I am so glad to see this thread. I seriously am feeling so isolated and alone about this whole situation I find myself now encountering. I've been in treatment for PTSD during the last 18 months, largely due to childhood verbal and emotional abuse from my parents. I also had a near-death c-section experience that triggered the hell out of me.
About three months ago, a memory of my younger brother being molested from a baby-sitter came back to me. Since then, memories of him hurting me sexually have also surfaced, including my dad encouraging it.
I have no one to talk to about these things except my therapist. My husband knows about some of it, since my therapist guided me in how to tell him some of these things. He was actually relieved to know something had happened to me, since I reject so much of his affection and neither of us ever knew why.
My parents are both alcoholics and so are my husband's. They aren't in our lives anymore. But, my brother is and I don't really know how to handle it or my feelings about what happened both to him and what he did to me.
Nor do I know what to do with my parents, who are so disappointing and manipulative and frightening. The rest of my siblings don't talk to me either - I was always the scapegoat in the family and my parents made certain they hated me as much as possible.
I can't even trust some of my oldest friends with this info. It's too humiliating and I don't know how to talk about it. Plus I think about their reactions and I want to protect them, of course.
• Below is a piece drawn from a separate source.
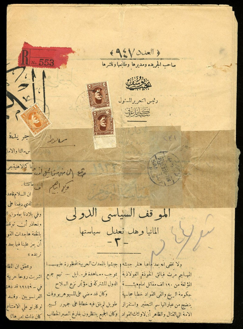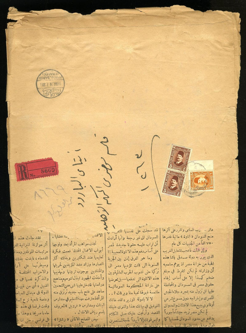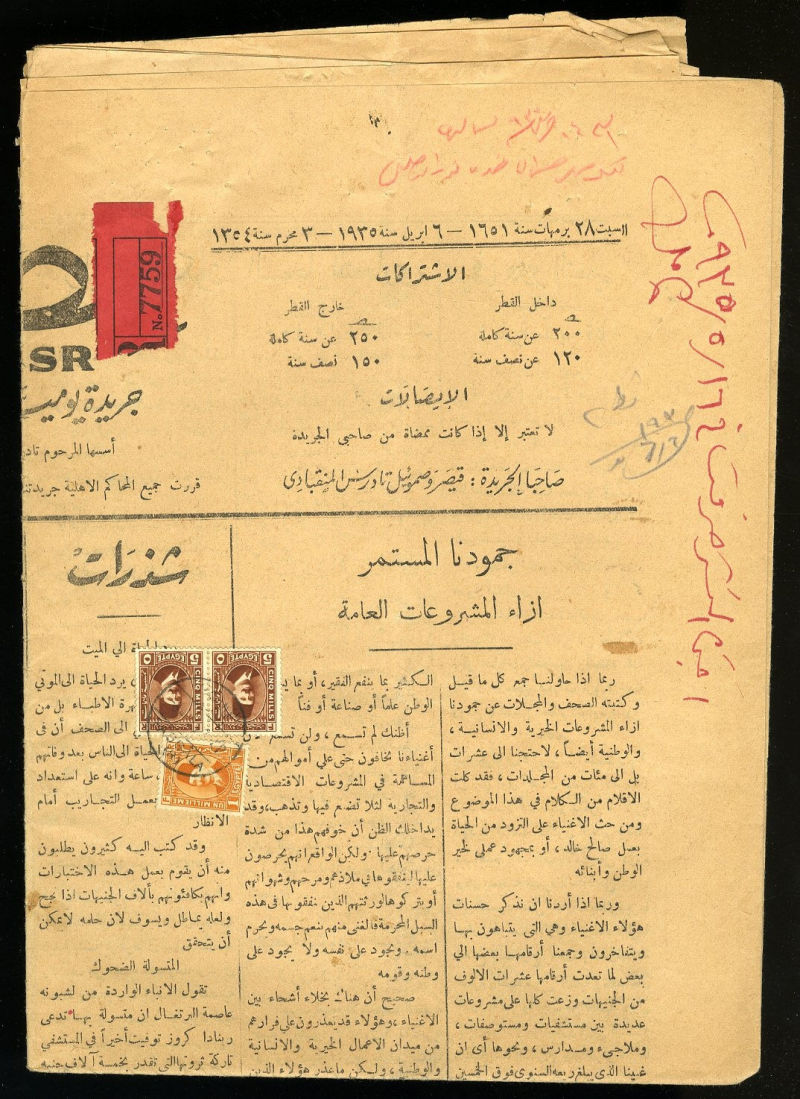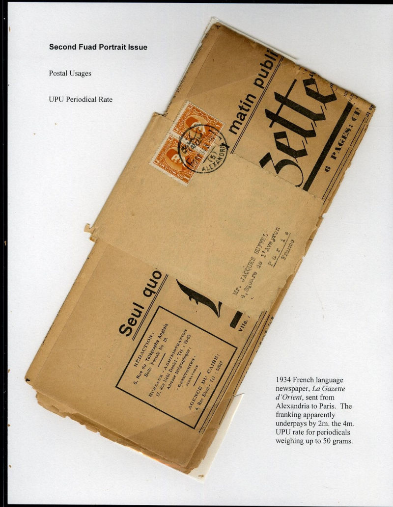 1306 c   imageLARGE LOTS AND COLLECTIONS EGYPT - Covers and Postal History 1896-1960 selection of 31 newspapers, with a variety of frankings, including the De La Rue Fourth Issue, First and Second Fuad Portrait Issue, Fuad Postes, young King Farouk, Farouk Marechal, Commemoratives and Air Post issues, mixed condition, unusual group (Image) (Image 2) (Image 3) (Image 4) (Image 5) (Image 6) (Image 7) (Image 8) (Image 9) (Image 10) (All Images)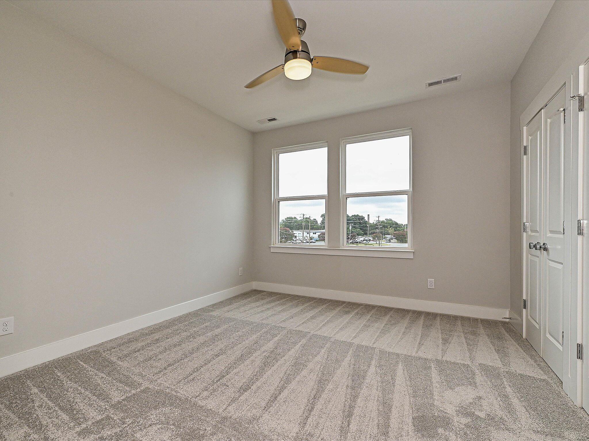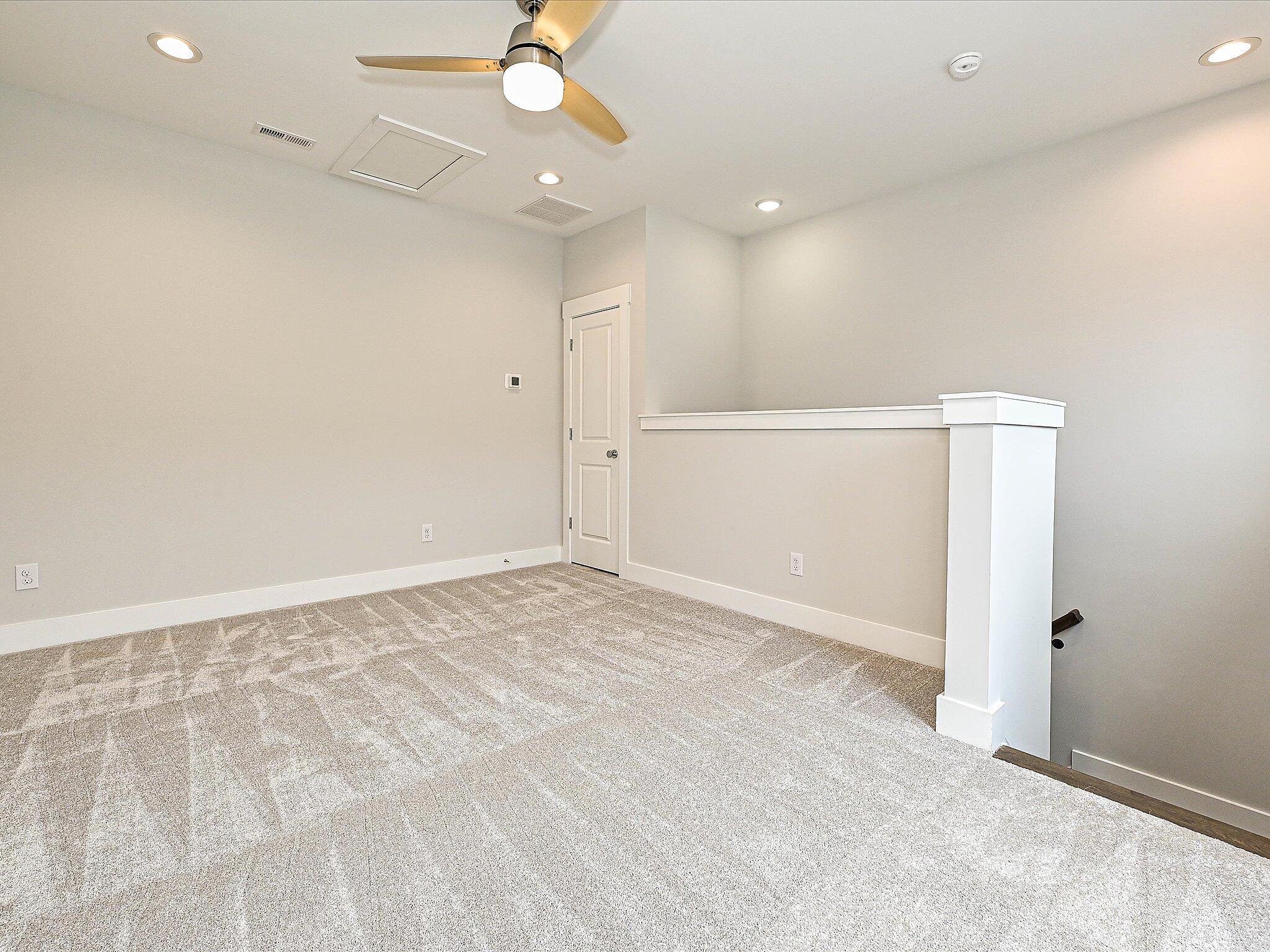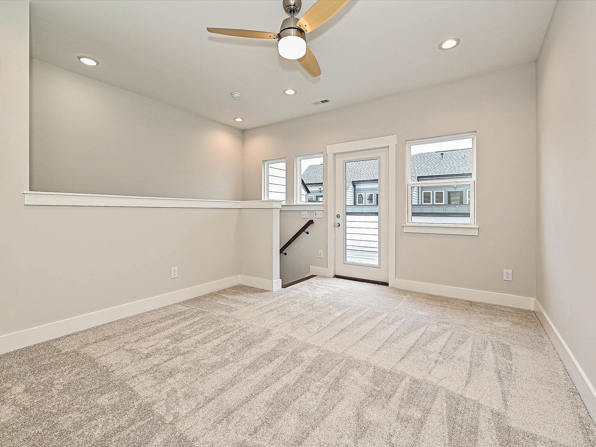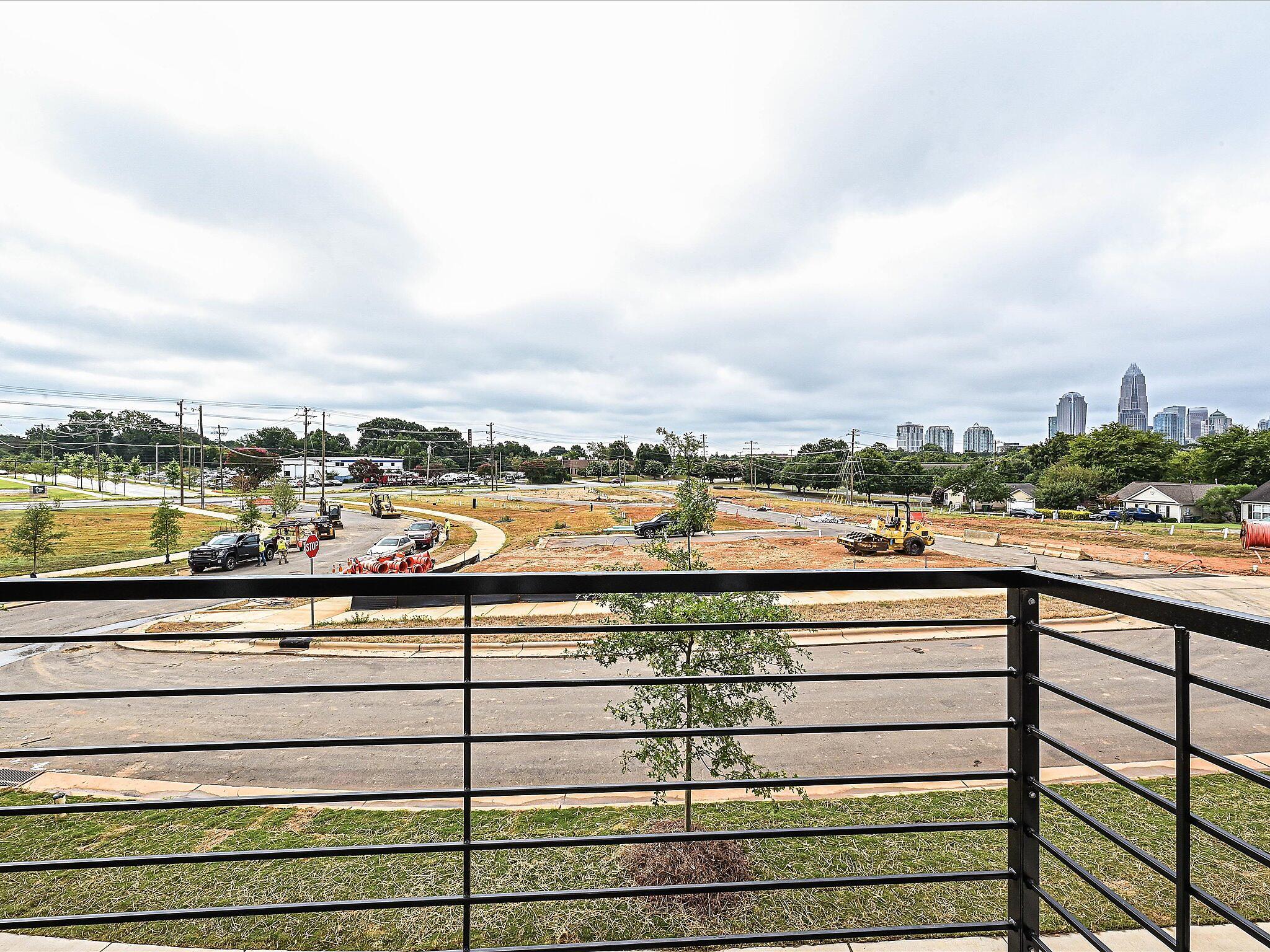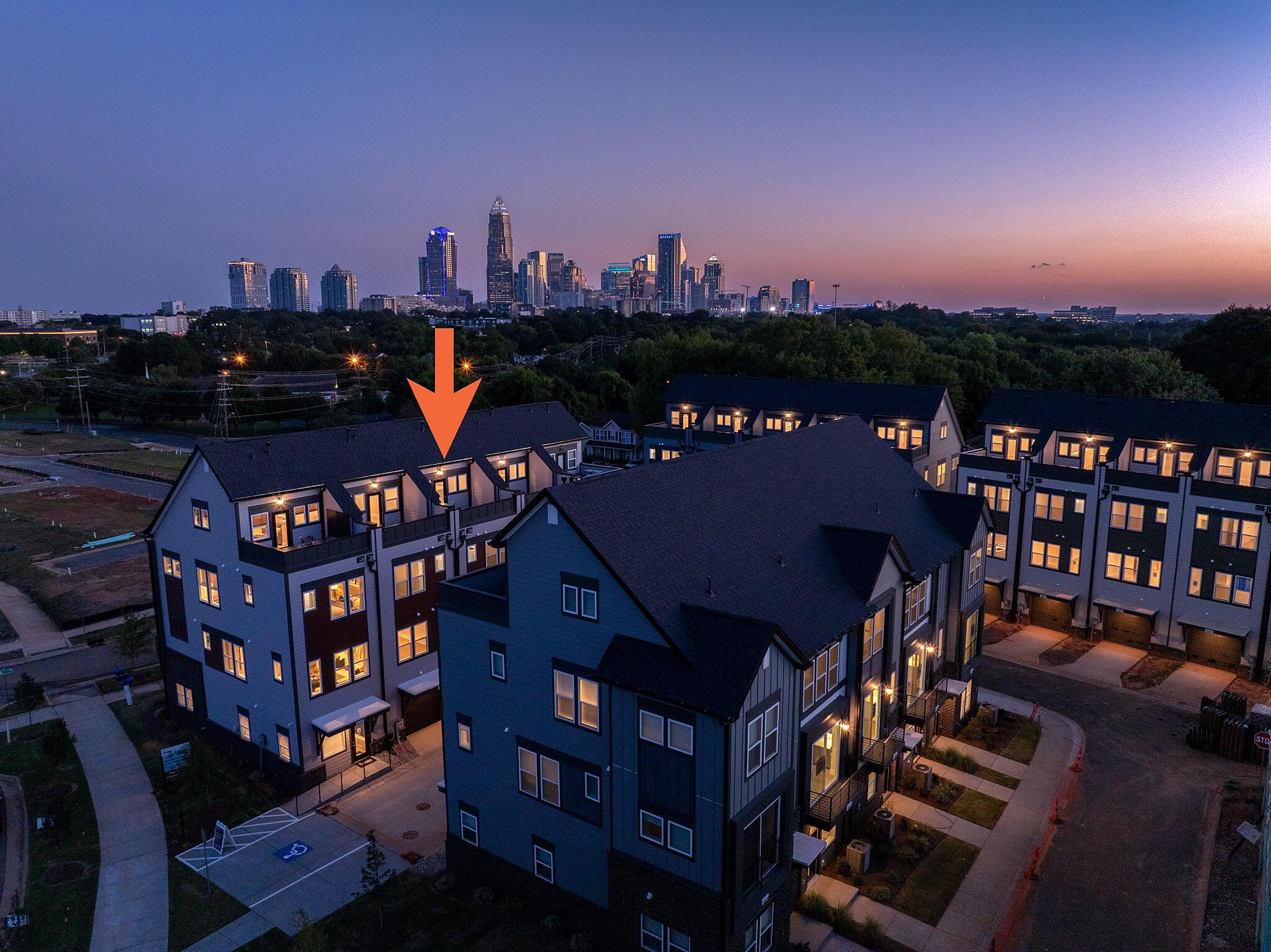 Want close proximity to Uptown Charlotte and Camp North End? This townhome offers that, 2 bedrooms, 2 full baths, 2 half baths, and much more. The 1st floor has a 1-car garage and Flex space with half bath, and the top floor has a Rec Room and a spacious rooftop terrace. The second floor has an open layout, plus a small deck off the kitchen. The Kitchen features 42″ light grey cabinets, LED under-cabinet lights, trash pullout, large undermount stainless sink, quartz counters, and GE stainless steel appliances with a gas range. The third floor hosts both bedrooms and the laundry closet with tiled floor. Full baths include quartz counters and white cabinets and tiled floors. The Premier Bath includes a tiled shower with semi-frameless surround and built-in shampoo niche. LVP flooring is throughout the first and second floors, plus third floor landing, with oak treads on all stairs and tile in the flex powder room. Ceiling fans are included in the flex, living room, premier suite and rec room. Walking distance to bars, restaurants, events, and more! Additional street parking is available.

I've been overweight my whole life, and since this has come to light, I've lost 20lbs. I have literally almost 70lbs more to go, but I want to do it. I NEED TO DO IT.
I would love to have other mamas to talk to. I didn't think I'd be able to breastfeed before I met my baby - thinking about it felt so invasive and scary. But I'm so blessed that I fell in love with her and providing the best is what came naturally, despite many problems we had.
I would be open to a group discussion elsewhere too.